Mainframes had significantly powerful IO processors, meanwhile modern PCs contain many processors linked by effectively an internal network. With the right network hardware you can DMA to another system too. So I guess the lines have always been a little blurry between systems!
The company I worked for in the early 90s decided to use Transputers for their custom embedded systems, so I had the privilege of working with them in development and production environments for a few years.
They were an absolute joy to work with. You would structure your code into tasks that could be performed in parallel, with a simple queue for inter-task communication. You could then debug the code on a single transputer (residing on an I/O card plugged into your computer).

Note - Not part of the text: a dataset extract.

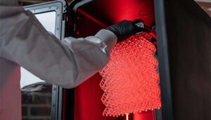 Un pezzo monolitico in resina viene estratto dalla camera di stampa di Stratasys Origin

The production board typically contained several transputers, all connected through serial links, and with one off-board link connector. To upload your code to production, you connected a link from the transputer on your dev card to the production board, placed the board in "boot from link" mode and downloaded the code to the target. A "placement" file directed where the various tasks should run, so the tasks which ran on a single processor in dev, were loaded into the specified processors on the target. I.e. going from single processor to multiprocessor execution without even requiring a re-compile.
The T800 was the fastest floating-point processor available at the time and blew our previous generation processors out of the water. Everyone was sad when INMOS /SGS Thompson faltered with the development of the T9000 and lost their performance edge, eventually resulting in the demise of the platform.
I don't know how practical the tech would have been to scale but I wonder how different computing could have been.
A conceptually somewhat related system (in the sense of a computer as a network of smart-ish components) was the (research prototype) Desk Area Network https://www.cl.cam.ac.uk/research/srg/netos/projects/archive...
Mainframes had significantly powerful IO processors, meanwhile modern PCs contain many processors linked by effectively an internal network. With the right network hardware you can DMA to another system too. So I guess the lines have always been a little blurry between systems!